__What the exercise asks__. The part below that opens with the line containing "One 1808MF Denmark Skilling Coin NGC MS65." and closes with the line containing "Koupelna je oddělena" should be copied exactly, minus any pictures.

__Exercise inputs__.
________________________

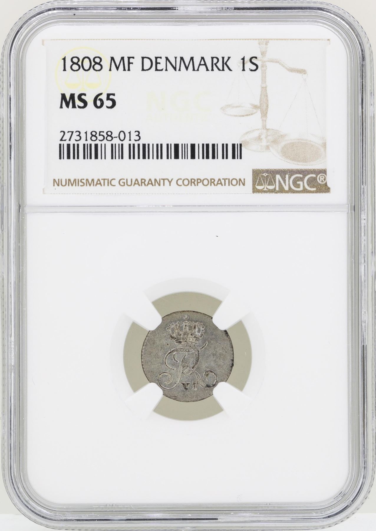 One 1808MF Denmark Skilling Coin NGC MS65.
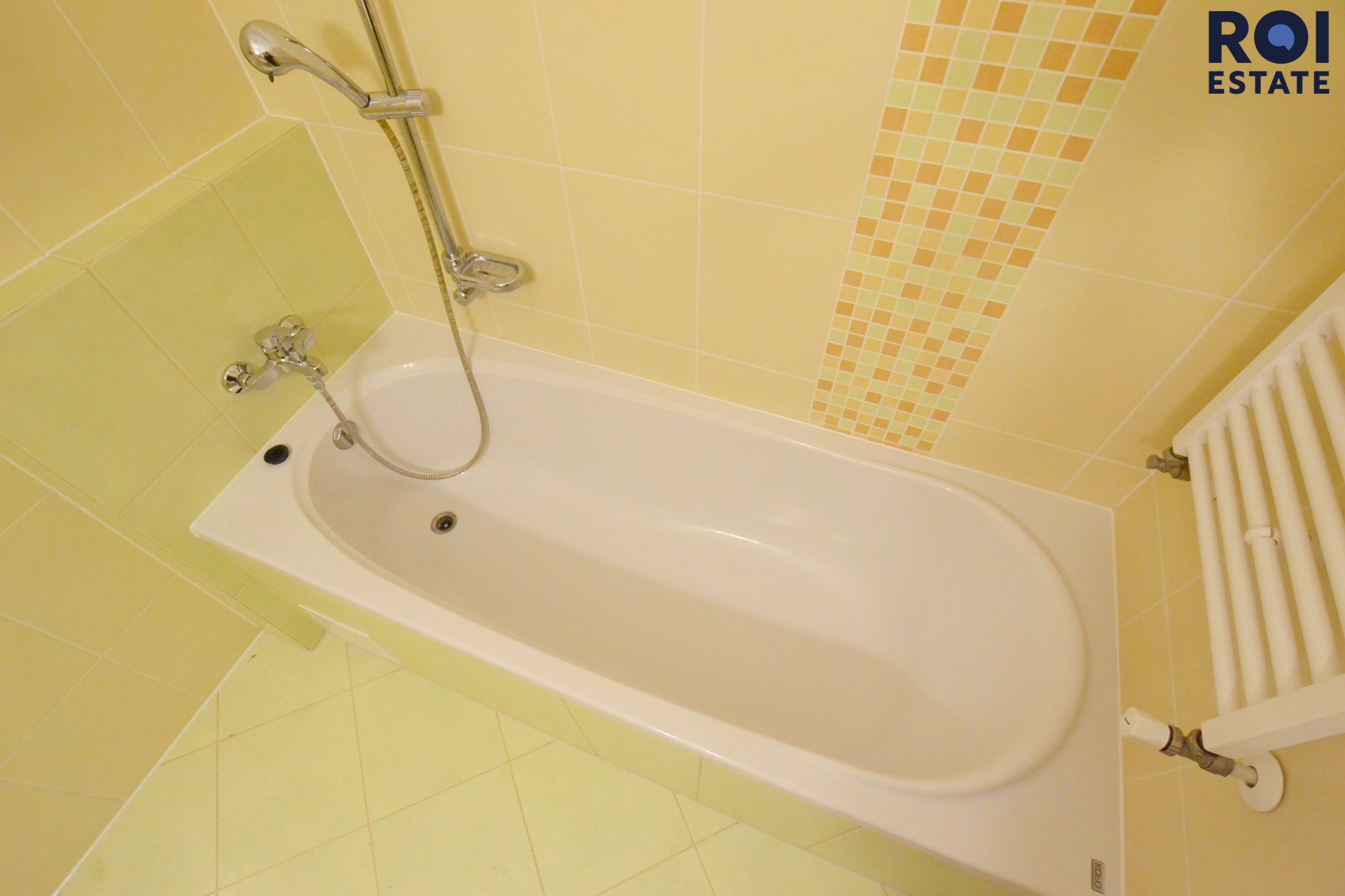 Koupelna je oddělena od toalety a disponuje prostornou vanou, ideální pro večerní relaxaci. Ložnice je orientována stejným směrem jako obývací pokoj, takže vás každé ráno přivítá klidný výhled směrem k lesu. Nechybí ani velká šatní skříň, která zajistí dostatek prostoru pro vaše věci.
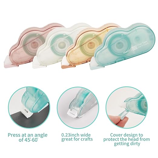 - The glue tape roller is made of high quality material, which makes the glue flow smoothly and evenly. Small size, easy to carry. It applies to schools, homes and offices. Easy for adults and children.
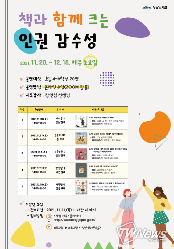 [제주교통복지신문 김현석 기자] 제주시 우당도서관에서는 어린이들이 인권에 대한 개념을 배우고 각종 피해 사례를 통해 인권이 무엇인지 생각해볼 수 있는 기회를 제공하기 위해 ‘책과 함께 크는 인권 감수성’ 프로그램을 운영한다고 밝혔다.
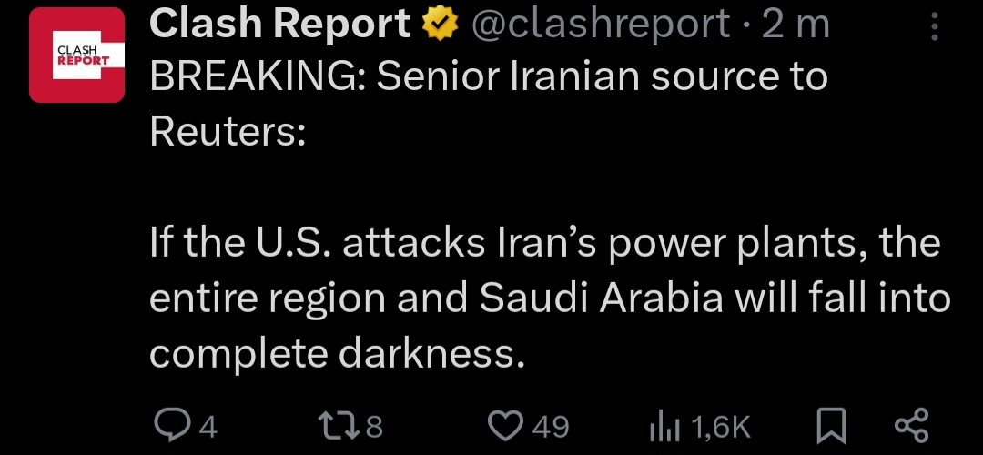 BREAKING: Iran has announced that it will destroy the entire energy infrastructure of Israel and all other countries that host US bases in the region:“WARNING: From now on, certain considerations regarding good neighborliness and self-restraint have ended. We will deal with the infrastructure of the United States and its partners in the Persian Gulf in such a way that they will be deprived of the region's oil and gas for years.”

________________________

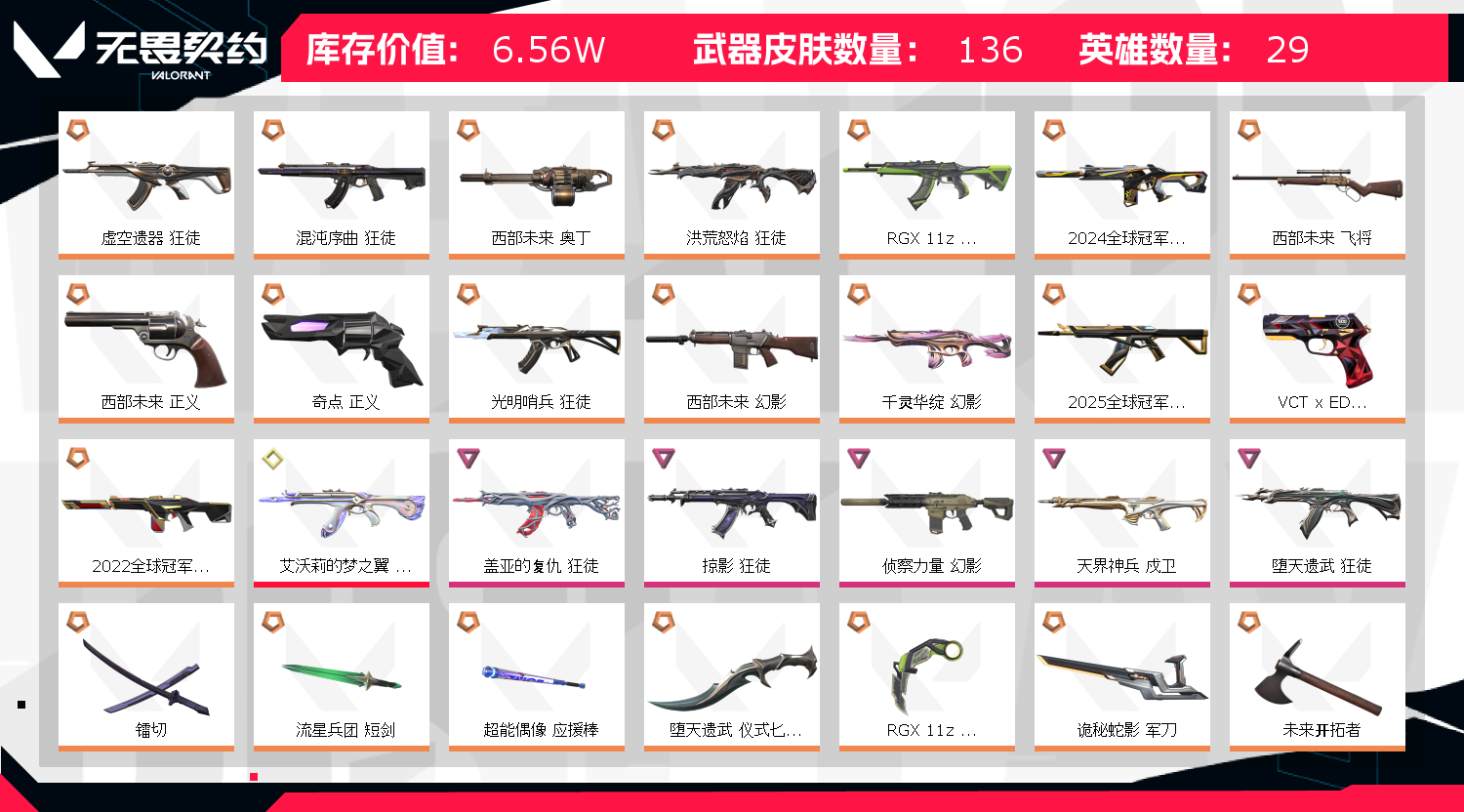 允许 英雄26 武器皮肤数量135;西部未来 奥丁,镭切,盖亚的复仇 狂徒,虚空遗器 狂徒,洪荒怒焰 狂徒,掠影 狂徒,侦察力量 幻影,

________________________

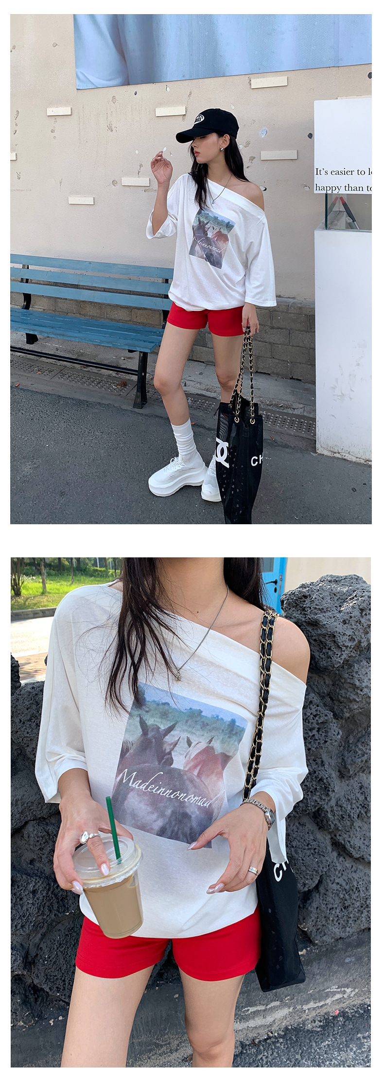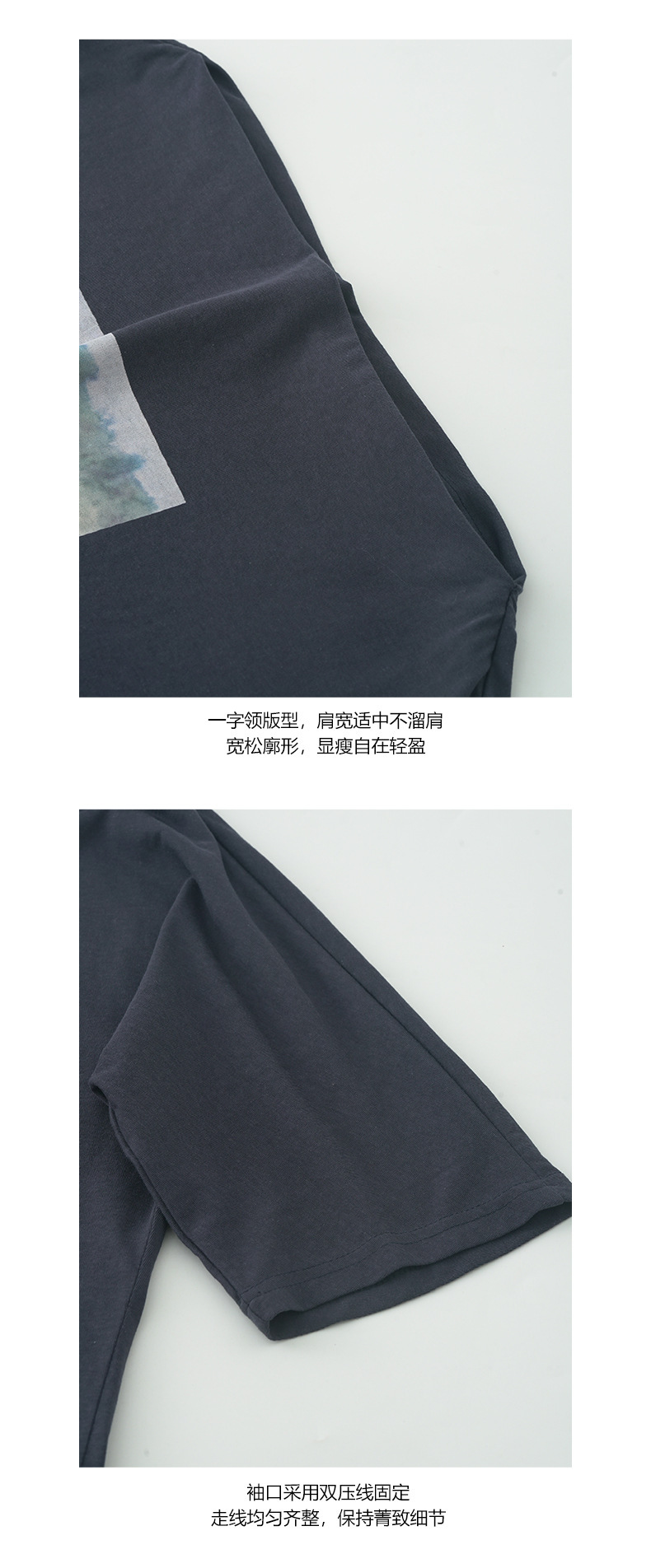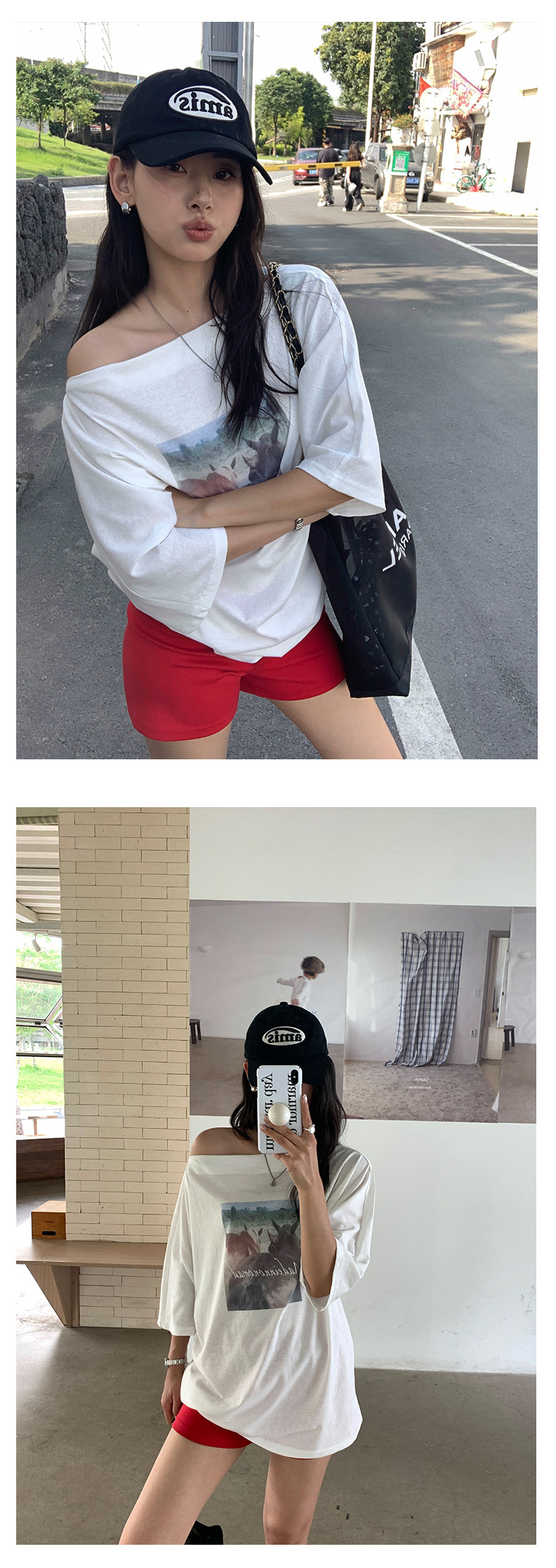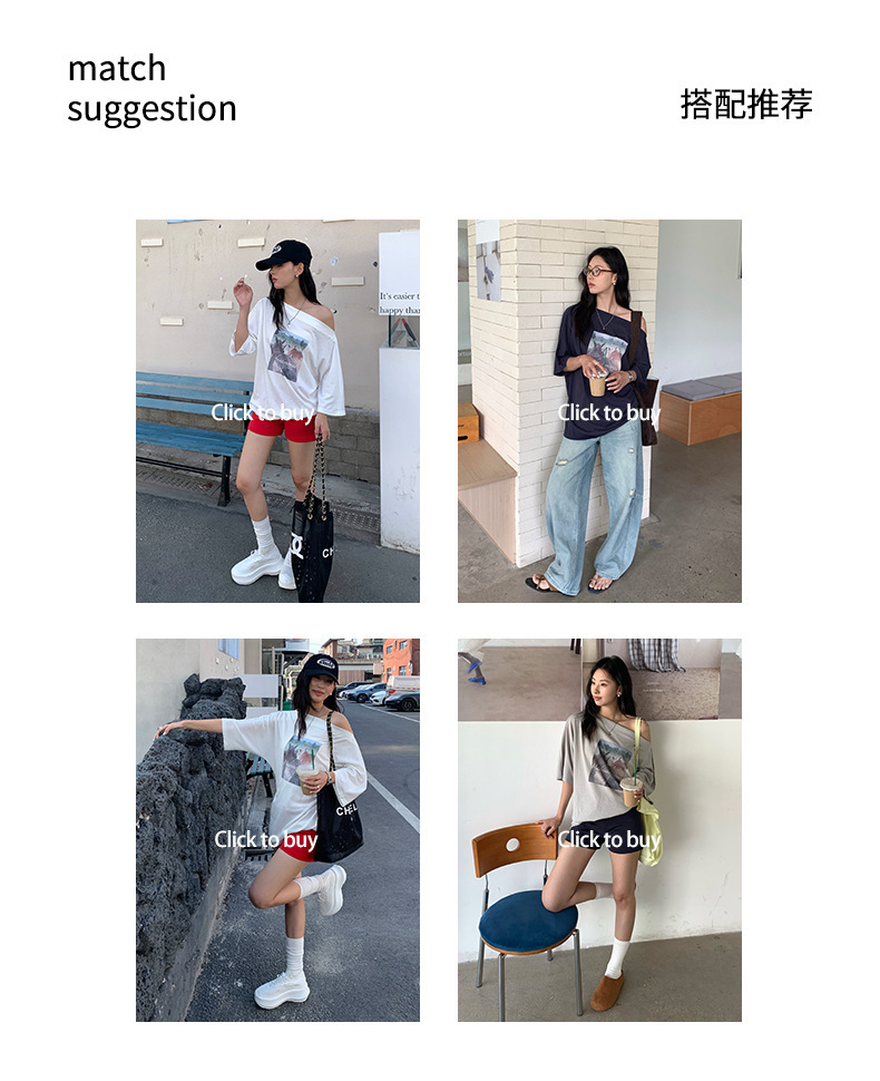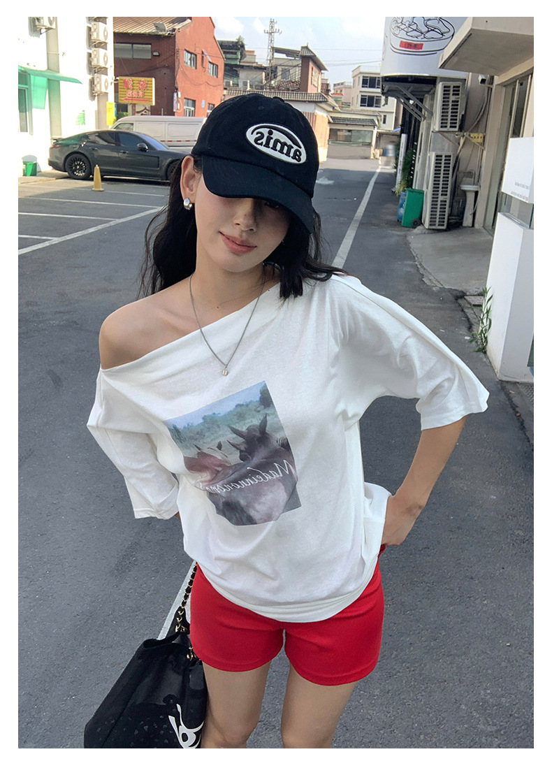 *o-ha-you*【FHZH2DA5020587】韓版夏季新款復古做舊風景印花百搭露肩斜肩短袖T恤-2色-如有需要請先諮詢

________________________

__Solution__.
 One 1808MF Denmark Skilling Coin NGC MS65.
 Koupelna je oddělena od toalety a disponuje prostornou vanou, ideální pro večerní relaxaci. Ložnice je orientována stejným směrem jako obývací pokoj, takže vás každé ráno přivítá klidný výhled směrem k lesu. Nechybí ani velká šatní skříň, která zajistí dostatek prostoru pro vaše věci.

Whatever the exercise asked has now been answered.